Data supplied Start Marker

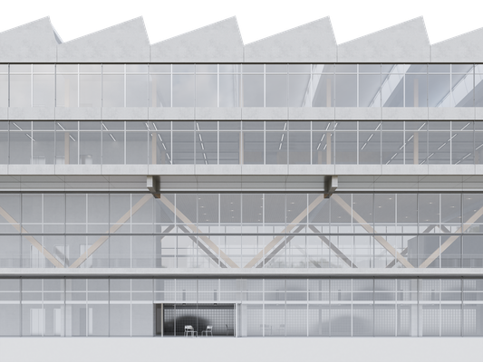 Die Räume haben konstanten Bezug nach aussen zum Fjord und zur Stadt. Die mehrheitlich transparente Fassade wird durch horizontale Fassadenbänder gegliedert. Ein charakteristisches Sheddach fasst die vielfältigen Nutzungen über die gesamte Gebäudelänge von 210 m zusammen und ermöglicht eine gleichmässige Nord-Belichtung der Räume.
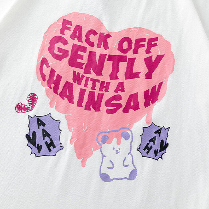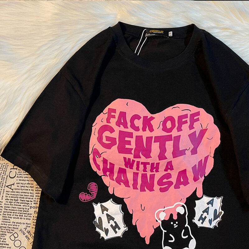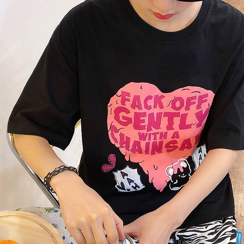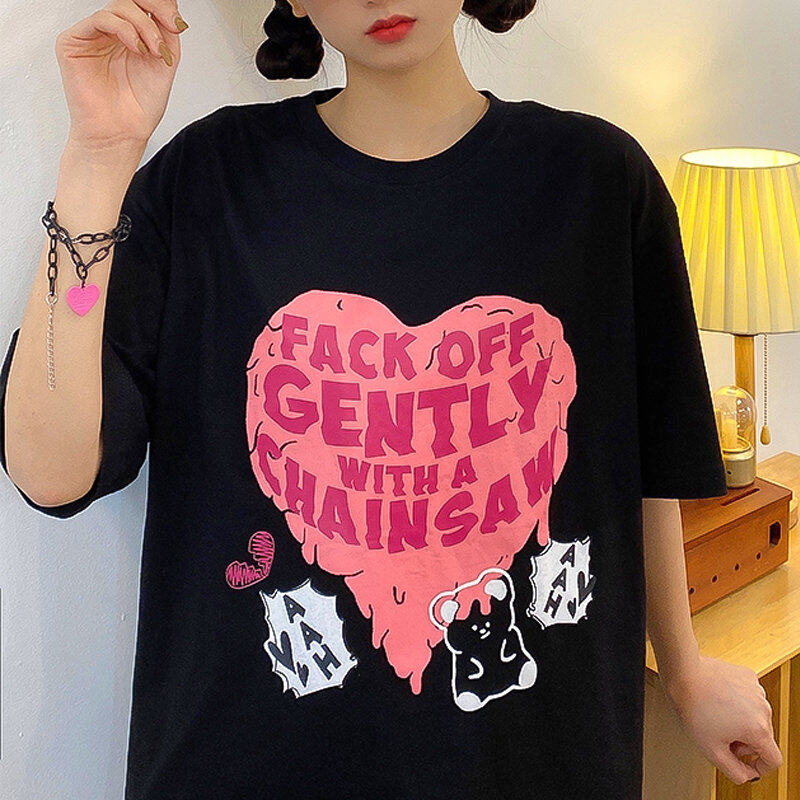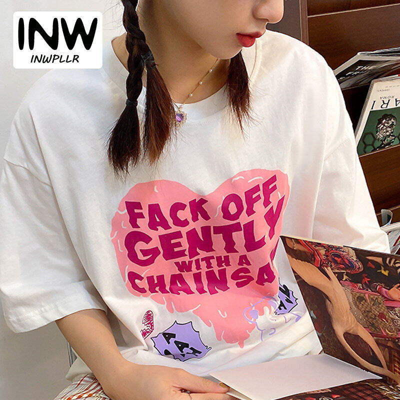 INWPLLR Fashion Trends Letter Tops Women Heart-shaped Printing T-Shirts Summer Korean Style Short Sleeve Little Bear Print Tshirt Lady
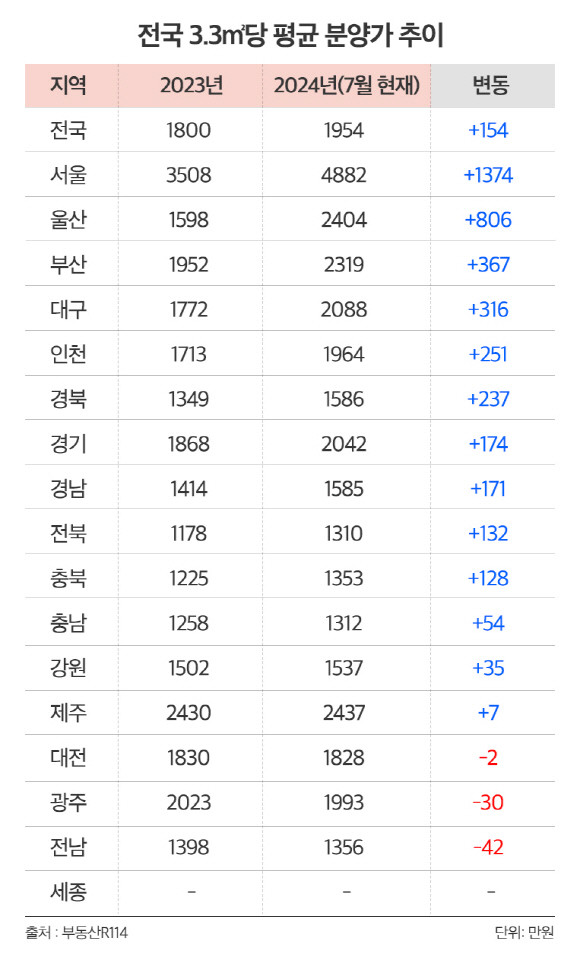 반면 지방도시들은 비교적 낮은 분양가를 보였다. 전북 1310만원을 비롯해 △충남 1312만원 △충북 1353만원 △전남 1356만원 등 충청·전라도 분양가가 1400만원 미만에 그쳤다.
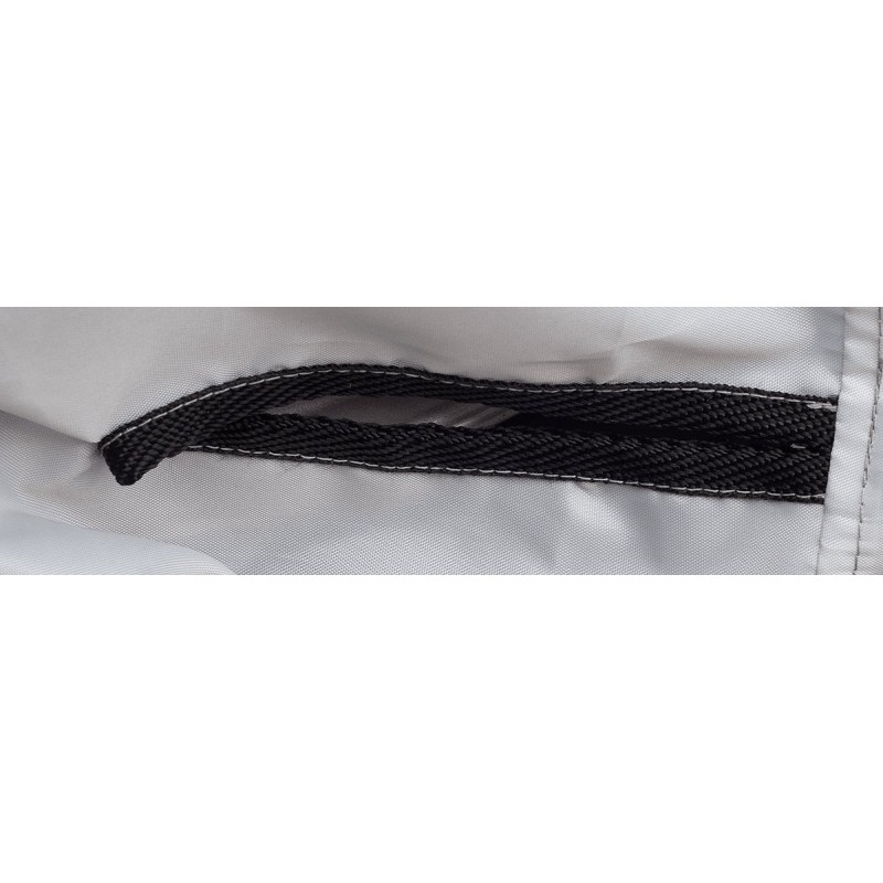 W przedniej części pokrowca (przy kole) wykonane dwa otwory, które umożliwiają przełożenie linki lub łańcucha antykradzieżowego.
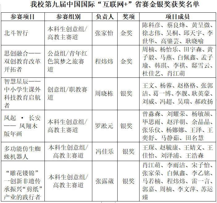 7月28日,第九届中国国际“互联网+”大学生创新创业大赛陕西赛区获奖项目评审结果公布。经网络评审、路演答辩评审和会议评审,雷竞技官网斩获2金4银10铜的优异成绩,获奖数量再创新高。其中,“思创融合—双创教育改革开拓者”项目团队,为雷竞技官网首次夺得青年红色筑梦之旅赛道金奖,“智慧星辰——中小学生课外科技教育启航者”项目团队首次夺得职教赛道银奖。
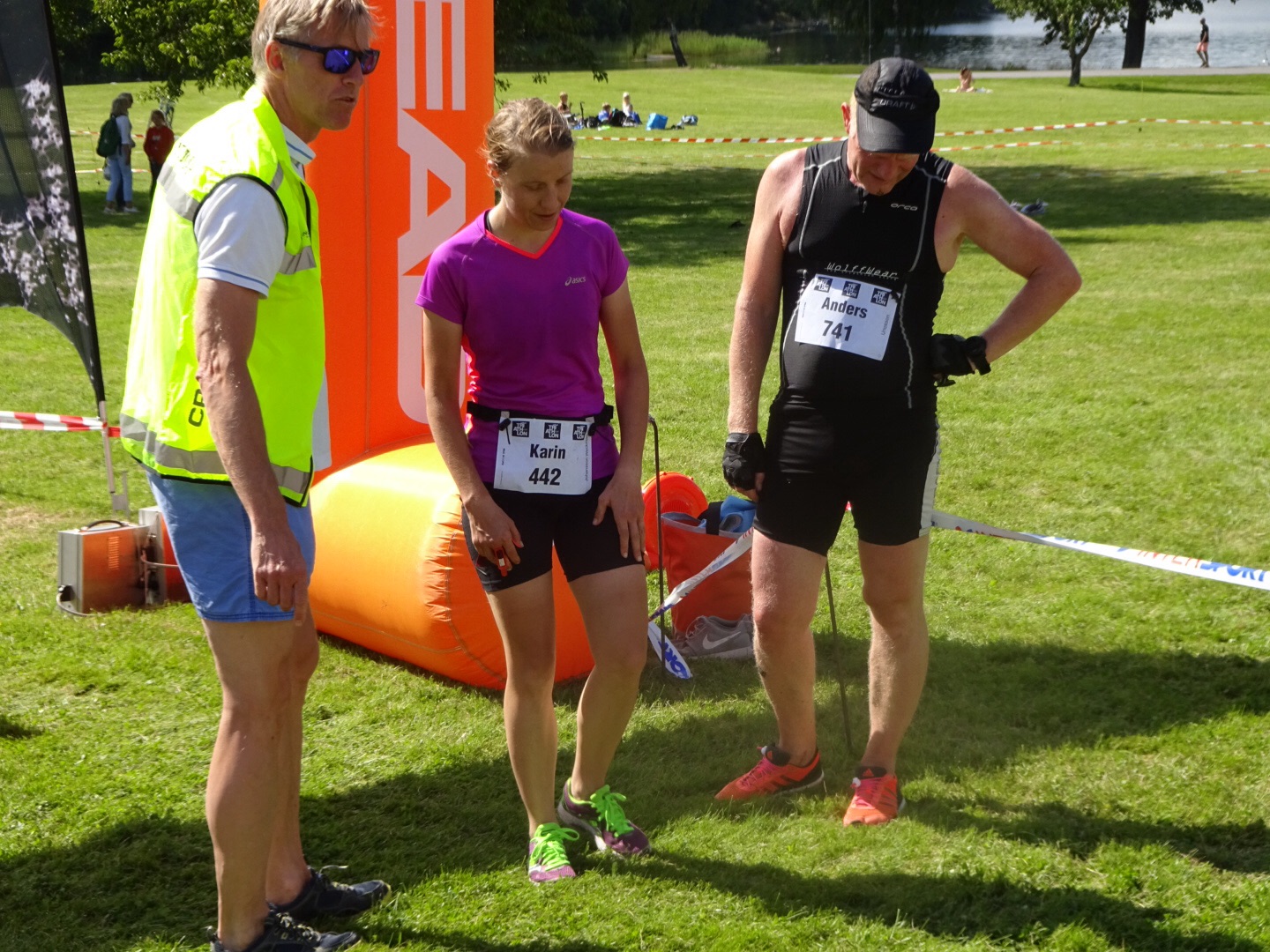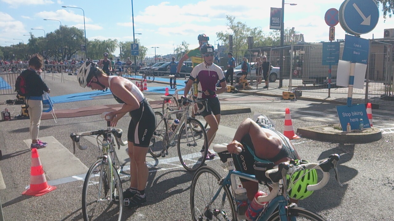 Upp vid 8 för att kunna vara vid stadshuset en timme före start så att Karin kunde checka in cykeln samt lägga fram prylarna som behövs i växling mellan simning till cykel till löpning.
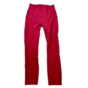 Lululemon Red Womens High-Waisted Leggings With Pockets Athleisure Size 4
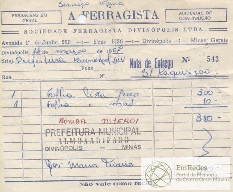 A FAVOR DE FERRAGISTA DIVINÓPOLIS LTDA., RELATIVA A FORNECIMENTO DE DIVERSOS P/ CONSERVAÇÃO DE TRATAMENTO DIGO DA ESTAÇÃO DE TRATAMENTO CONF. NOTA FISCAL ORDEM 1634, PELA DOTAÇÃO 312092 PARA SERVIÇOS DE ÁGUA E ESGÔTO/HABITAÇÃO E SERVIÇOS URBANOS EM 24 DE MAIO DE 1967.
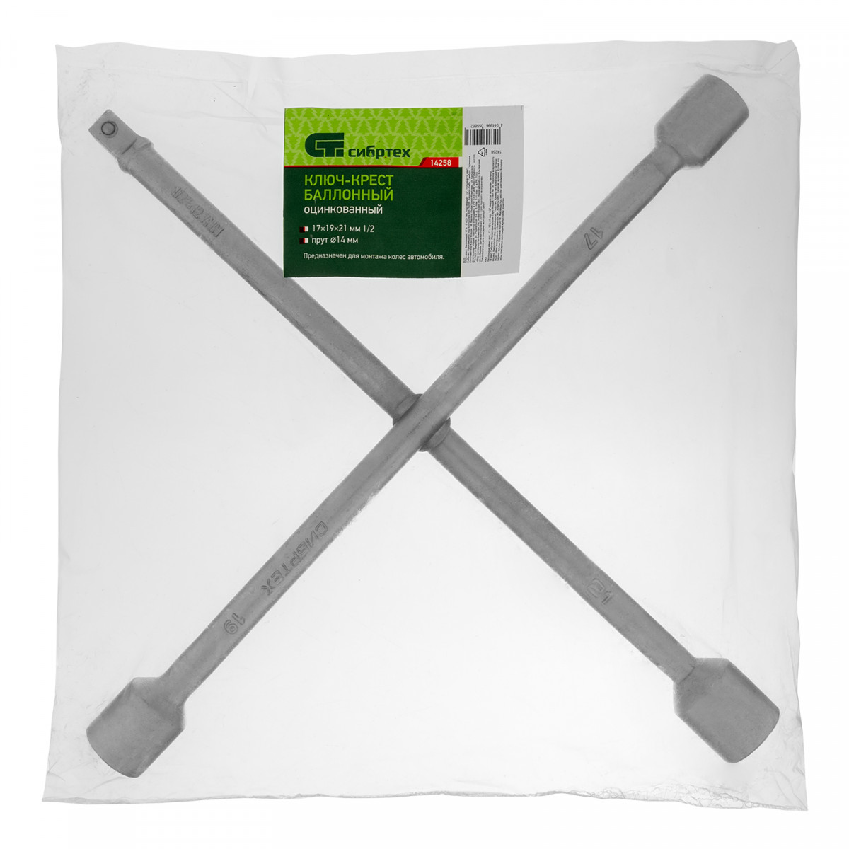 Ключ-крест баллонный, 17 х 19 х 21 мм, под квадрат 1/2, толщина 14 мм Сибртех

Data supplied End Marker

Work to be completed:
Each entry above is to be given again exactly, and any image in it is to be dropped.

Written response:
 Die Räume haben konstanten Bezug nach aussen zum Fjord und zur Stadt. Die mehrheitlich transparente Fassade wird durch horizontale Fassadenbänder gegliedert. Ein charakteristisches Sheddach fasst die vielfältigen Nutzungen über die gesamte Gebäudelänge von 210 m zusammen und ermöglicht eine gleichmässige Nord-Belichtung der Räume.
 INWPLLR Fashion Trends Letter Tops Women Heart-shaped Printing T-Shirts Summer Korean Style Short Sleeve Little Bear Print Tshirt Lady
 반면 지방도시들은 비교적 낮은 분양가를 보였다. 전북 1310만원을 비롯해 △충남 1312만원 △충북 1353만원 △전남 1356만원 등 충청·전라도 분양가가 1400만원 미만에 그쳤다.
 W przedniej części pokrowca (przy kole) wykonane dwa otwory, które umożliwiają przełożenie linki lub łańcucha antykradzieżowego.
 7月28日,第九届中国国际“互联网+”大学生创新创业大赛陕西赛区获奖项目评审结果公布。经网络评审、路演答辩评审和会议评审,雷竞技官网斩获2金4银10铜的优异成绩,获奖数量再创新高。其中,“思创融合—双创教育改革开拓者”项目团队,为雷竞技官网首次夺得青年红色筑梦之旅赛道金奖,“智慧星辰——中小学生课外科技教育启航者”项目团队首次夺得职教赛道银奖。
 Upp vid 8 för att kunna vara vid stadshuset en timme före start så att Karin kunde checka in cykeln samt lägga fram prylarna som behövs i växling mellan simning till cykel till löpning.
 Lululemon Red Womens High-Waisted Leggings With Pockets Athleisure Size 4
 A FAVOR DE FERRAGISTA DIVINÓPOLIS LTDA., RELATIVA A FORNECIMENTO DE DIVERSOS P/ CONSERVAÇÃO DE TRATAMENTO DIGO DA ESTAÇÃO DE TRATAMENTO CONF. NOTA FISCAL ORDEM 1634, PELA DOTAÇÃO 312092 PARA SERVIÇOS DE ÁGUA E ESGÔTO/HABITAÇÃO E SERVIÇOS URBANOS EM 24 DE MAIO DE 1967.
 Ключ-крест баллонный, 17 х 19 х 21 мм, под квадрат 1/2, толщина 14 мм Сибртех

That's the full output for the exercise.